OP’s latest information about how Granny was upset (or father of groom was upset) that Granny was “never allowed” to see DD2 alone for the first 7 years of her life - so DD1 was 4 years old? What were they supposed to do with her? This is deeper than just forgetting to invite her to a wedding & I’d not let DD2 around them without supervision so that she isn’t further poisoned against her sister.

I agree that it’s deeper but the OP doesn’t think granny is poisoning DD2 against DD1. It seems she has outwardly been fine to DD1 but underneath she values DD2
more.
The uncle snapping suggests some level of resentment about DD1 but it’s unclear where that is coming from.
Assuming it’s true that granny didn’t get to be with DD2 alone for her first seven years that seems a bit naive too of the parents. Did it never occur to them that she might value this?

Crystalmae · 27/04/2025 22:45

Sounds like your eldest dd is the black sheep of the family- not just the relatives but it sounds like your youngest dd sees her that way too- to say ‘they're not your/ her family’ is quite a considerable remark and I think because you dearly love them both, fail to see things as they are but see they love each other, have a great bond which may be true, but youngest DD clearly sees HERSELF as belonging to the wider family, DH agrees (albeit quietly) as he says it cements her bond with the family, then… then there is eldest DD with no other family. It’s really sad for your eldest.

if DH left tomorrow, who would you be in regular contact with from his family?

Has eldest DD got anyone from her dad’s family so she can also feel important/ wanted? She will have serious issues when she is older even if she is telling you she is ok.

I think as a family you should stand united. By keeping youngest dd happy and letting her go you are actually hurting and harming eldest dd but it seems you can’t see that.

I feel sorry for your eldest DD.

SpidersAreShitheads · 27/04/2025 22:45

InterIgnis · 27/04/2025 22:34

You don’t need to understand it in order for other people to possess it. Clearly many, many people do, and all the mumsnet threads containing ranting and raving about how ‘mean’ it is won’t change that. It is what it is.

It is the family’s place to decide whether or not they are willing to accept the role of grandparents/aunts/uncles/etc. When OP’s husband decided for himself he did not issue a diktat to his family.

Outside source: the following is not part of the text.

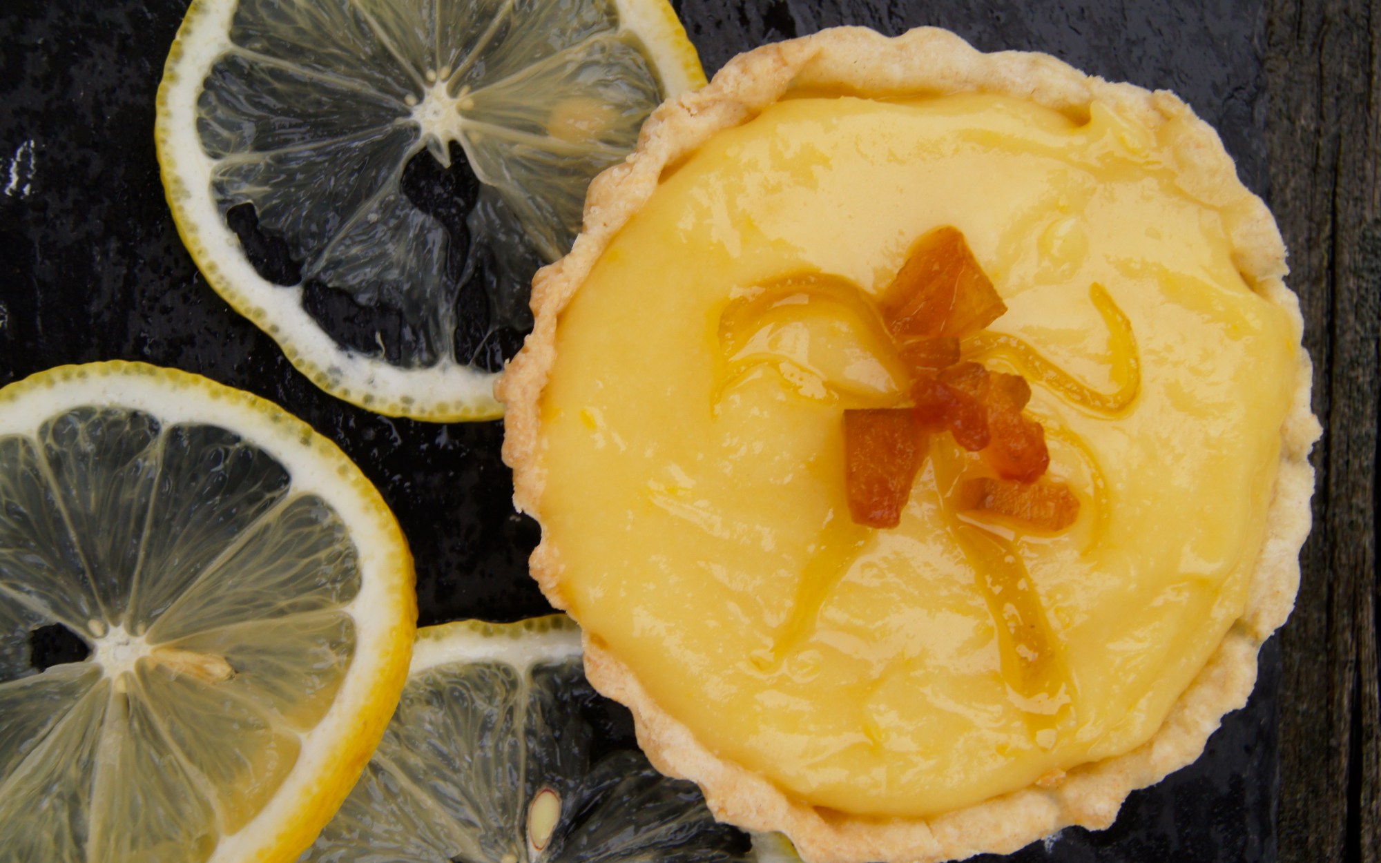 - Once the crusts are cold, fill them with lemon cream. Level it and add the candied peels on top. Let cool a little before serving.

Whether they would have accepted an adopted child or not, who knows? Maybe they would have, maybe they wouldn’t. An adoption certificate, much like a marriage certificate, IS something that would make all the difference for some, if not many.

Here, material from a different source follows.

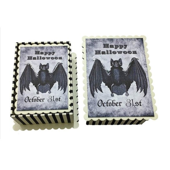 Trinket Keepsake Boxes Happy Halloween Bat Set of 2 Boxes

I can honestly say I've never heard of an adopted child being treated like this.

I agree that the family might secretly prefer the biological children but I've never seen a case either on MN or in real life where the family are openly excluding and hostile to an adopted child who's been in the family since they were a toddler.

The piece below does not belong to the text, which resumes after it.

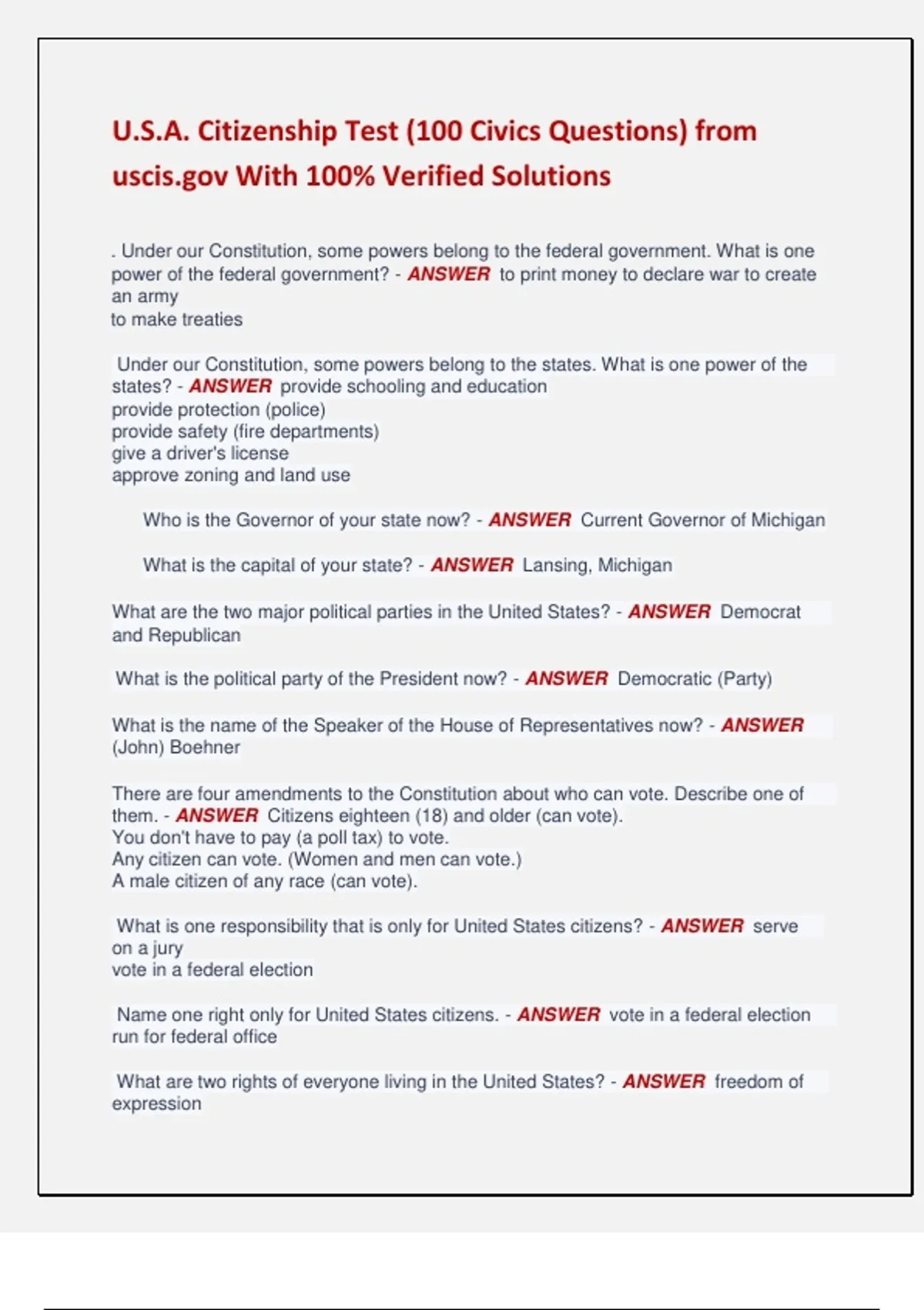 U.S.A. Citizenship Test (100 Civics Questions) from With 100% Verified Solutions . Under our Constitution, some powers belong to the federal government. What is one power of the federal government? - ANSWER to print money to declare war to create an army to make treaties Under our Constitution, some powers belong to the states. What is one power of the states? - ANSWER provide schooling and education provide protection (police) provide safety (fire departments) give a driver's license approve zoning and land use Who is the Governor of your state now? - ANSWER Current Governor of Michigan What is the capital of your state? - ANSWER Lansing, Michigan What are the two major political parties in the United States? - ANSWER Democrat and Republican What is the political party of the President now? - ANSWER Democratic (Party) What is the name of the Speaker of the House of Representatives now? - ANSWER (John) Boehner There are four amendments to the Constitution about who can vote. Describe one of them. - ANSWER Citizens eighteen (18) and older (can vote). You don't have to pay (a poll tax) to vote. Any citizen can vote. (Women and men can vote.) A male citizen of any race (can vote). What is one responsibility that is only for United States citizens? - ANSWER serve on a jury vote in a federal election Name one right only for United States citizens. - ANSWER vote in a federal election run for federal office What are two rights of everyone living in the United States? - ANSWER freedom of expression freedom of speech freedom of assembly freedom to petition the government freedom of worship the right to bear arms 52. What do we show loyalty to when we say the Pledge of Allegiance? - ANSWER the United States the flag 53. What is one promise you make when you become a United States citizen? - ANSWER give up loyalty to other countries defend the Constitution and laws of the United States obey the laws of the United States serve in the U.S. military (if needed) serve (do important work for) the nation (if needed) be loyal to the United States 54. How old do citizens have to be to vote for President? - ANSWER eighteen (18) and older 55. What are two ways that Americans can participate in their democracy? - ANSWER vote join a political party help with a campaign join a civic group join a community group give an elected official your opinion on an issue call Senators and Representatives publicly support or oppose an issue or policy run for office write to a newspaper 56. When is the last day you can send in federal income tax forms? - ANSWER April 15 57. When must all men register for the Selective Service? - ANSWER at age eighteen (18) between eighteen (18) and twenty-six (26) 58. What is one reason colonists came to America? - ANSWER freedom political liberty religious freedom economic opportunity practice their religion escape persecution 59. Who lived in America before the Europeans arrived? - ANSWER American Indians Native Americans 60. What group of people was taken to America and sold as slaves? - ANSWER Africans people from Africa 61. Why did the colonists fight the British? - ANSWER because of high taxes (taxation without representation) because the British army stayed in their houses (boarding, quartering) because they didn't have self-government 62. Who wrote the Declaration of Independence? - ANSWER (Thomas) Jefferson 63. When was the Declaration of Independence adopted? - ANSWER July 4, 1776 65. What happened at the Constitutional Convention? - ANSWER The Constitution was written. The Founding Fathers wrote the Constitution. 66. When was the Constitution written? - ANSWER 1787 67. The Federalist Papers supported the passage of the U.S. Constitution. Name one of the writers. - ANSWER (James) Madison (Alexander) Hamilton (John) Jay Publius 68. What is one thing Benjamin Franklin is famous for? - ANSWER U.S. diplomat oldest member of the Constitutional Convention first Postmaster General of the United States

There are enormous parallels between that and this situation. A piece of paper makes no practical difference. Literally none.

I also fully accept that someone people are spiteful enough to think this is acceptable. Doesn't mean I have to understand it, or applaud it.

I'm just grateful that not everyone in the world thinks this is an acceptable way to act.

Bellyblueboy · 27/04/2025 22:47

I have adopted cousins and step cousins. The adopted cousins are just my cousins - no difference and were never treated any differently.

the step cousins aren’t thought of as cousins. I t may be because the steps were older when their dad married my aunt and they have never attended family functions. But to be honest I didn’t even realise there was such a thing as step cousins until threads on mumsnet!

But I do hate is when people equate step families to adopted families. They are very different things. Step families are created when adults marry and the relationships on last while those adults remain married. Adoption is centered on the child and is legally binding. The commitment is to be that’s child’s parent - for life. Legally, emotionally, morally. Completely different.